III. 1 (1) La méthode et l’histoire du Rosaire en Europe

La méthode

Le mot « rosaire », traduit par nianzhu 念珠 (réciter les perles) en chinois, indique simultanément fois la prière dévotionnelle catholique et le collier de petits perles enfilés que l’on utilise pour réciter cette prière. Étymologiquement, le mot vient du latin – rosarium – une couronne fleurie des roses, qui symbolisent les prières que la Vierge recueillit de ses dévots.227 En français, le mot « chapelet » est souvent utilisé pour indiquer le collier, qui signifie littéralement un petit chapeau de fleurs, aussi symboles des prières mariales. Pour comprendre la règle de cette dévotion, la meilleure référence pour nous est l’introduction du nianzhu en tête de l’ouvrage. On lit sur la première page que « le Rosaire entier contient en total 150 fois la récitation d’Ave Maria et 15 fois de Pater Noster. Il est divisé en trois fen 分 (cycle) de 50 Ave Maria et 5 Pater Noster chacun. » Cette introduction n’a pas précisé que chaque fen est compté sur le chapelet, la forme duquel a été standardisée depuis le XVe siècle – un collier circulaire avec 5 sections : chaque section composée d’une dizaine petits grains pour compter 10 fois d’Ave Maria, divisée par un grain plus grand qui indique une fois de Pater Noster (A6F2). On termine un Rosaire en passant dans ses doigts trois fois le chapelet entier, donc en total quinze dizaines d’Ave Maria.

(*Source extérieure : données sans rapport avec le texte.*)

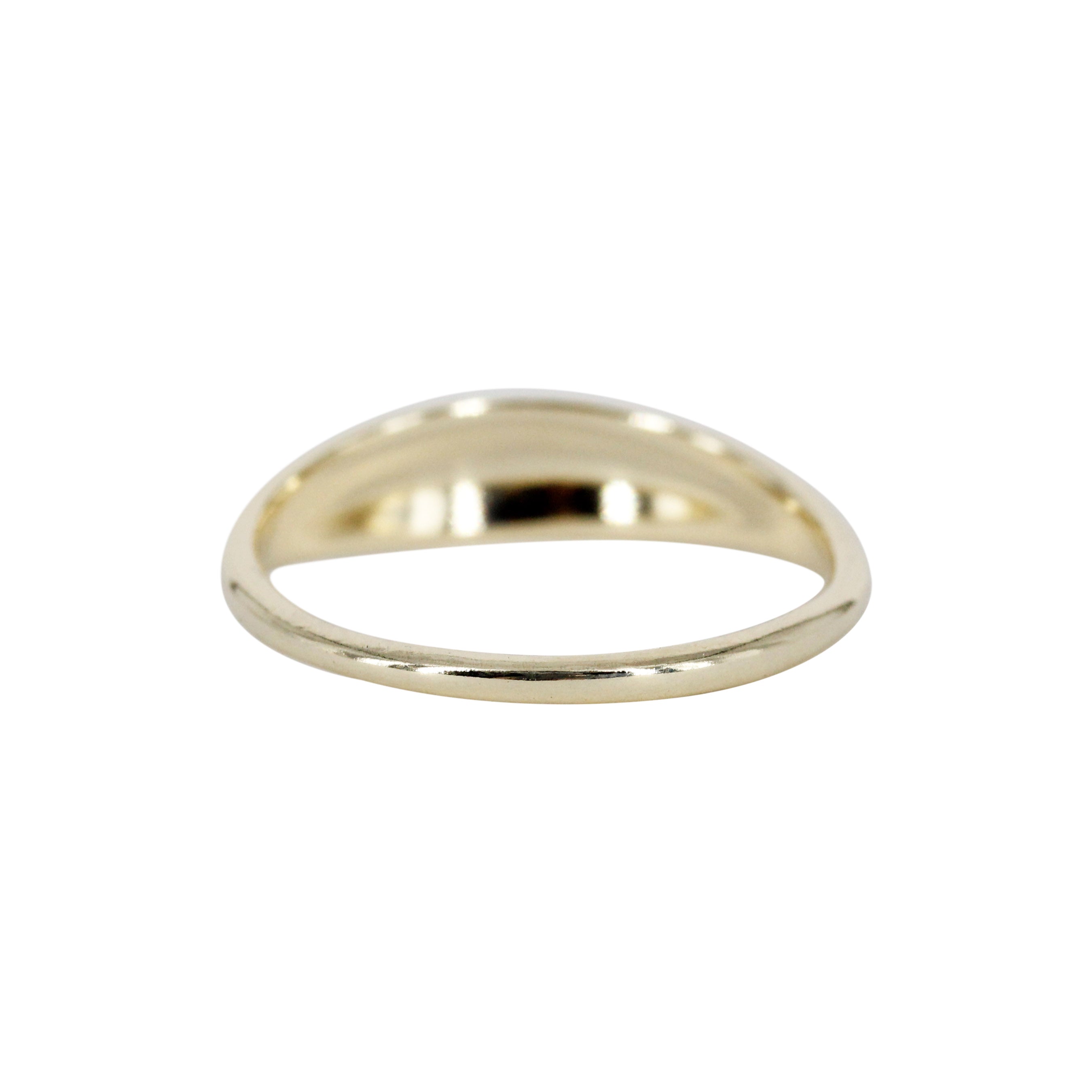 A delicately curved shaped ring with seamlessly smooth lines and a slightly domed center. A sleek and beautiful ring that nods to futures and pasts. This is one of my hand carved designs that I make using the ancient technique of lost wax casting .

Le Rosaire n’est pas qu’une récitation vocale. Comme l’introduction du nianzhu s’écrit, on « récite l’entier Rosaire de la Sainte Mère et médite sur les quinze mystères, incluant les évènements de la vie de notre Seigneur Jésus. » La récitation est accompagnée de la méditation. Les quinze dizaines d’Ave Maria sont fixées avec les quinze mystères de la vie du Christ et celui de Marie, divisés traditionnellement en trois catégories pour

correspondre aux trois cycles du chapelet : les mystères joyeux sur la naissance et l’enfance de Jésus, les mystères douloureux sur la Passion et la Crucifixion, et les mystères glorieux sur les épisodes dès la Résurrection jusqu’au couronnement de Marie, comme l’on a déjà listé dans le premier chapitre (Tableau 4). 228

227 Duval, 1988, 938.

228 Le pape Jean-Paul II a ajouté en 2002 une nouvelle catégorie de mystère, les « mystères lumineux », qui

consistent des épisodes de la vie évangélique de Jésus, mais ce nouvel ajout ne concerne pas la période et les documents objet de cette étude.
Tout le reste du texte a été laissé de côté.